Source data
◇ ◇ ◇
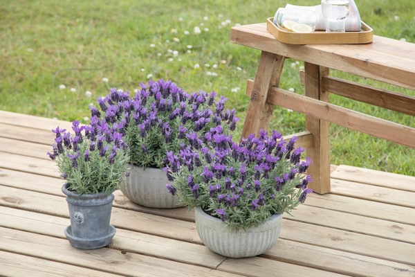 So, when selecting, they first paid attention to the blooming period of the lavendula stoechas, which according to Graff is one of the main characteristics a consumer is looking for. "A long blooming period adds value and the one variety was reblooming again and again after about three weeks. Furthermore, this habit makes it very interesting for combinations, eventually with mandevilla, hibiscus or other major patio plants, in turn adapting well to the current mix and match trend.
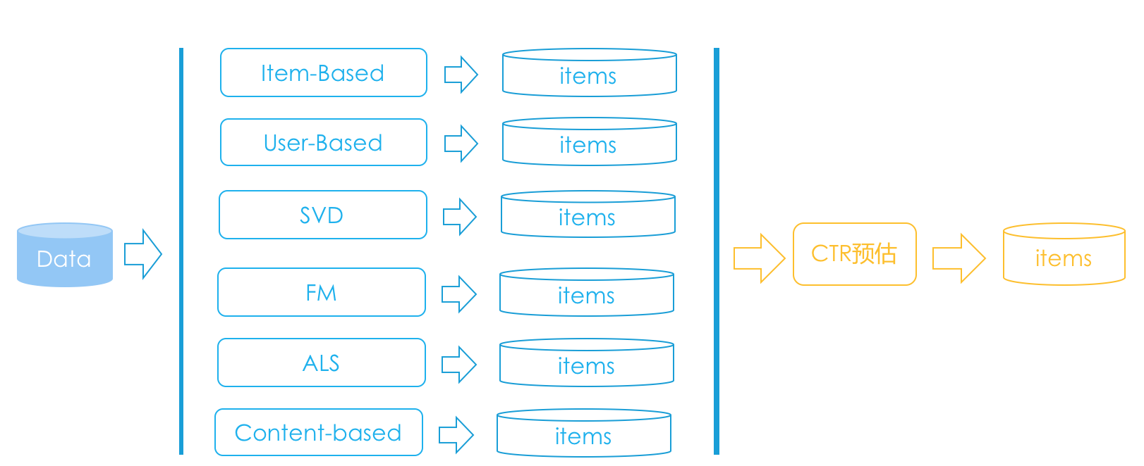 在召回阶段,其实就是各种简单的、复杂的推荐算法,比如说基于内容的推荐,会产生一些推荐结果,比如基于物品的协同过滤会产生一些结果,矩阵分解会产生一些结果,等等。
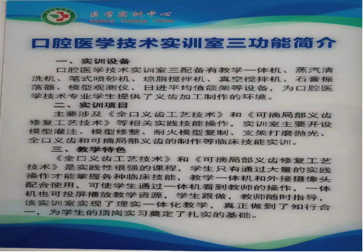 口腔醫(yī)學(xué)技術(shù)實(shí)訓(xùn)室配有有教學(xué)一體機(jī)、蒸汽清洗機(jī)、筆式噴砂機(jī)、瓊脂攪拌機(jī)、真空攪拌機(jī)、石膏振蕩器、模型觀測(cè)儀、日進(jìn)平均值頜架等設(shè)備,為口腔醫(yī)學(xué)技術(shù)專業(yè)學(xué)生提供了義齒加工制作的環(huán)境。
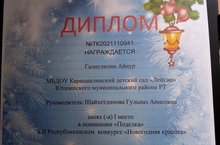 Диплом.Галиуллин Айнур занял 1 место в номинации "Поделка" в II Республиконском конкурсе "Новогодняя красота"
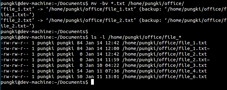 $ mv file_2.txt file_3.txt file_4.txt /home/pungki/office
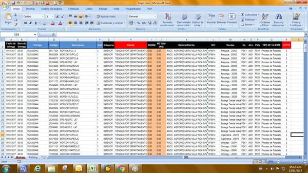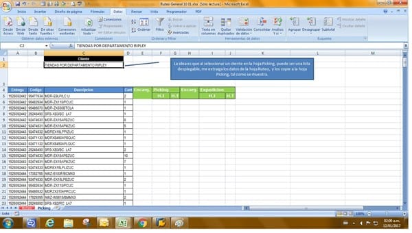 2.- El tema es que almacén imprime hojas de Picking por cliente, y copia los datos de manera manual a la otra hoja del libro llamada "Picking". Es decir, en la hoja Ruteo filtra un cliente, por ejemplo Tiendas por Departamento Ripley, y los datos resaltados en celeste los pasa a la hoja Picking para que puedan imprimirlos.
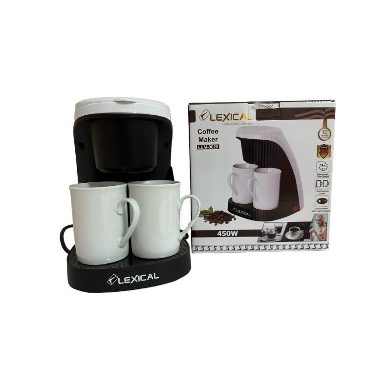 Кавоварка Lexical, електрична. Можливість приготування двох порцій кави одночасно. Комплектація - дві керамічні чашки та мірна ложка. Об'єм - 300 мл. Потужність - 450 Вт. Тип кави, що використовується – мелена. Матеріал - пластик. Фільтр - знімний, багаторазовий. Живлення - мережа 220-240 В, 50-60 Гц. Упаковка - коробка.
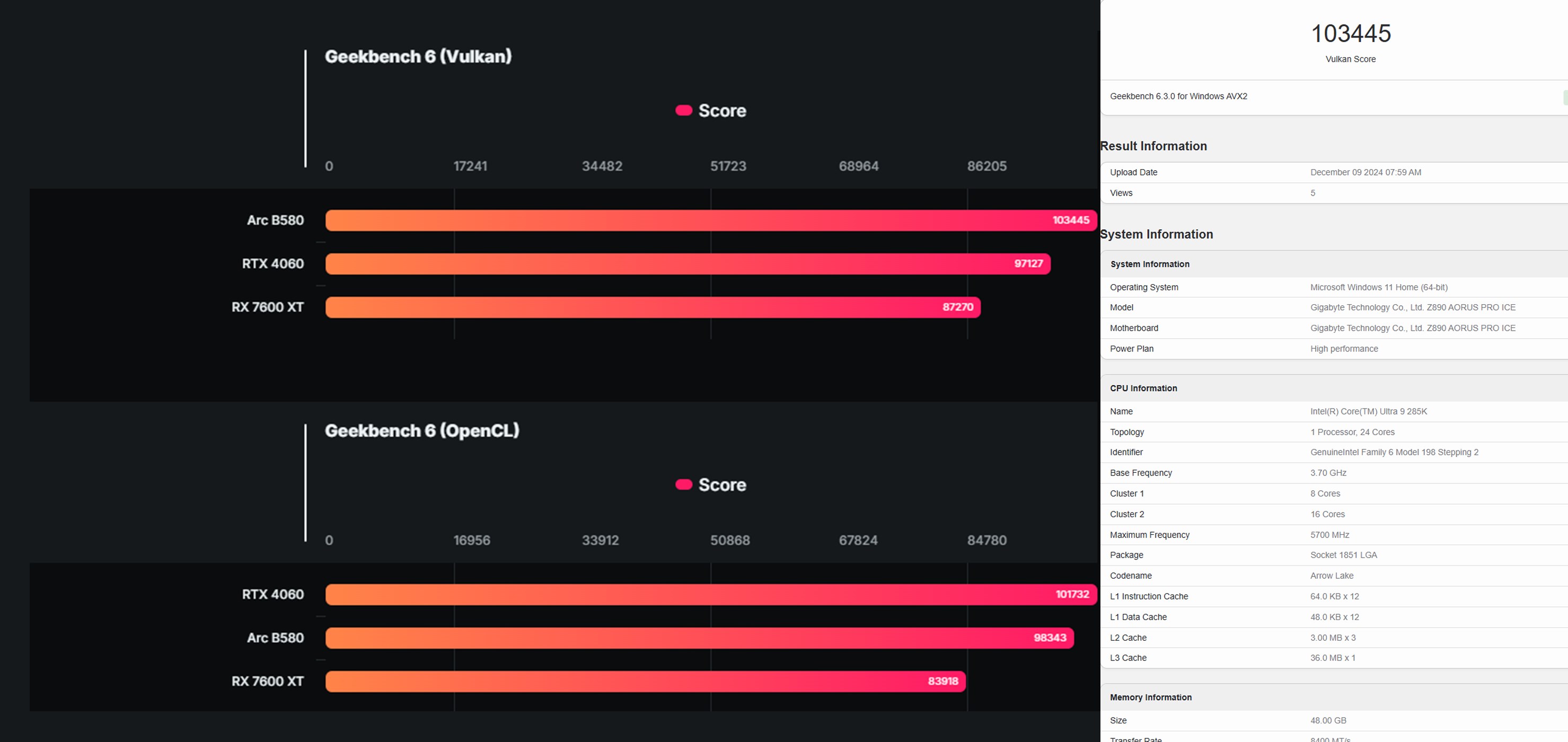 Daha önce Intel, Arc B580’e ait kıyaslama sonuçlarını zaten paylaştı ve bu sonuçlar ışın izleme rakamları dahil oyun ve çeşitli uygulamaları kapsıyordu. Yeni sızıntıda ise, ekran kartının 48 GB DDR5-8400 belleğe sahip Intel Core Ultra 9 285K sistemde test edildiğini görüyoruz.
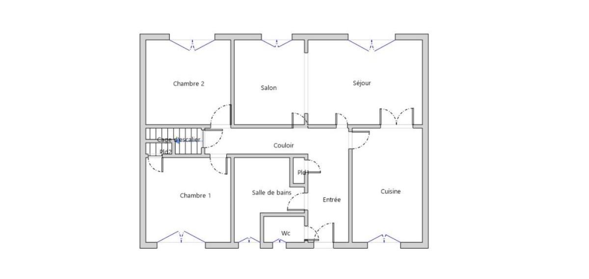 RDC : Entrée, WC, salle à manger, salon, cuisine aménagée, dégagement couloir, salle de bain, 2 chambres.
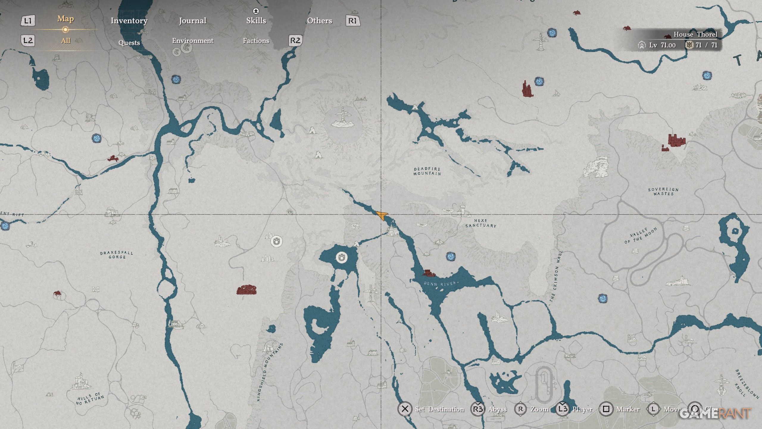 - Head to the Denn River and face south, which is far north of the “M” in “Demeniss” (marked on the map above).
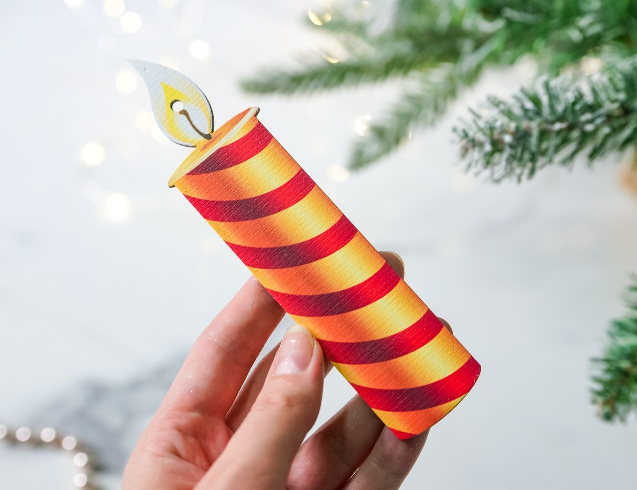 Замечательно нарядная новогодняя свеча, конечно, не горит по-настоящему, но всё равно дарит свет праздника, который уж точно не погаснет от дуновения зимнего ветра!
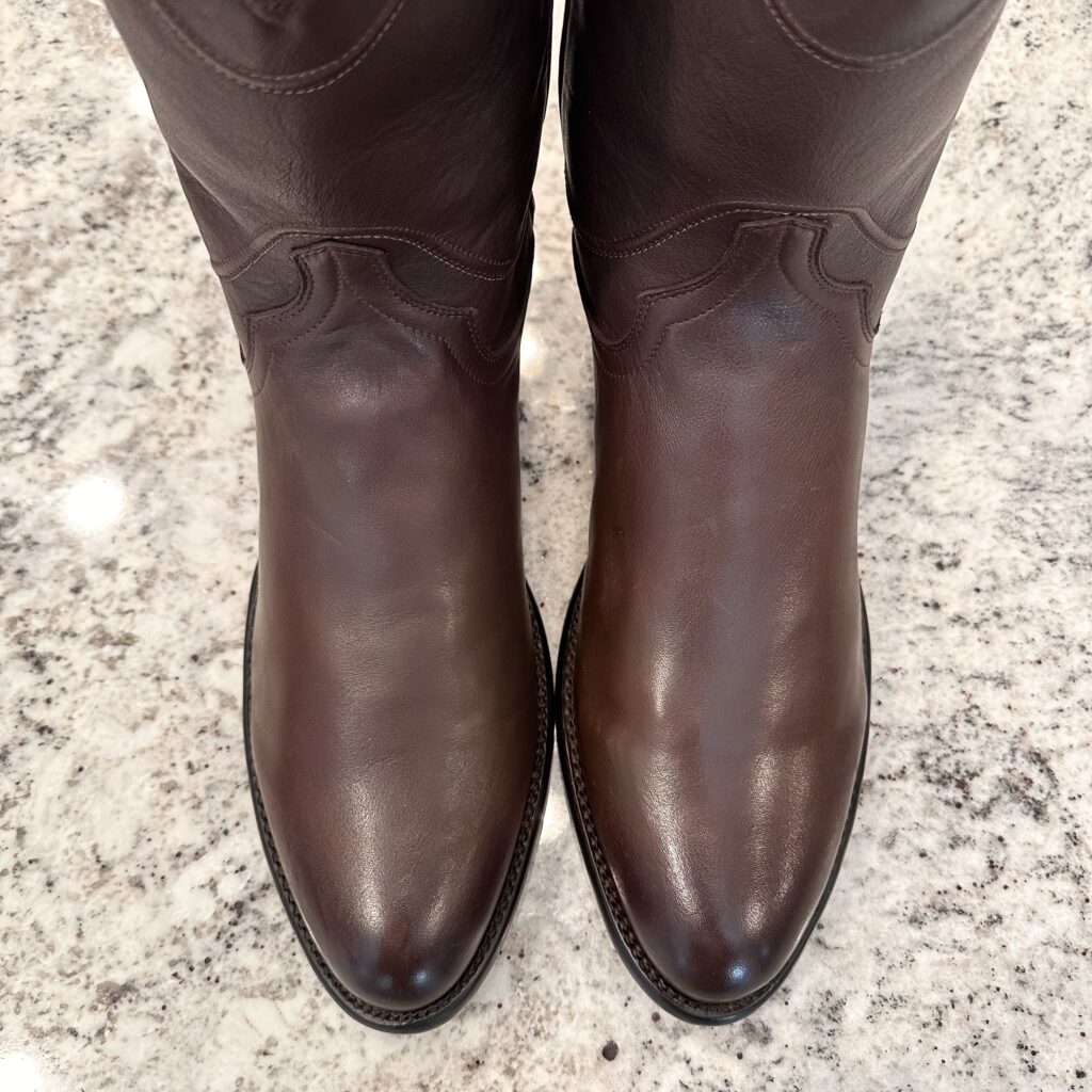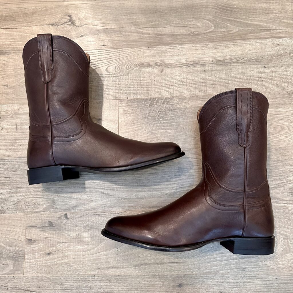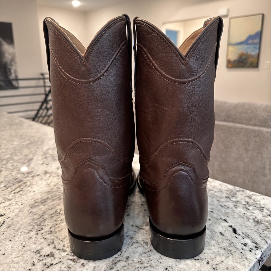 Type: These are men’s size 14 D Tecovas Earl Boots in dark brown. Tecovas Style 1002. These are in good pre-owned condition. The leather is in good condition. Outsoles and rubber heel caps show minor wear, but have plenty of good life left. Insoles and lining in good shape.
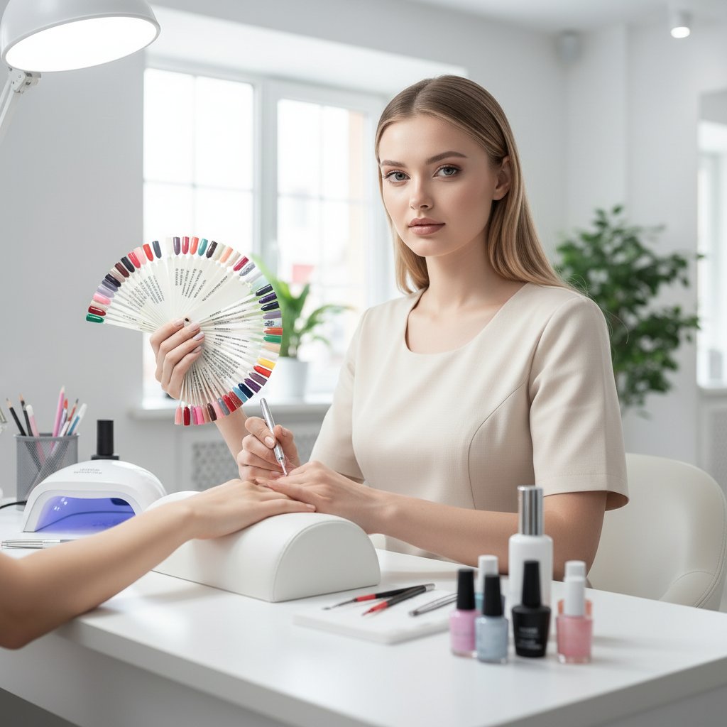 Фотография специалиста по маникюру, средний план, за рабочим столом. В одной руке она держит образец цветов лаков, а другой выполняет процедуру для клиента. Взгляд направлен в камеру, демонстрируя сосредоточенность. Окружение – светлое, современное помещение. Акцент на точности движений и уверенности мастера.
◇ ◇ ◇
◆ **Your assignment**: Both boundary lines included, write out word for word only the lines above from the one containing "RDC : Entrée, WC, salle" to the one containing "- Head to the", leaving out any pictures.

◆ **Result for this exercise**:
 RDC : Entrée, WC, salle à manger, salon, cuisine aménagée, dégagement couloir, salle de bain, 2 chambres.
 - Head to the Denn River and face south, which is far north of the “M” in “Demeniss” (marked on the map above).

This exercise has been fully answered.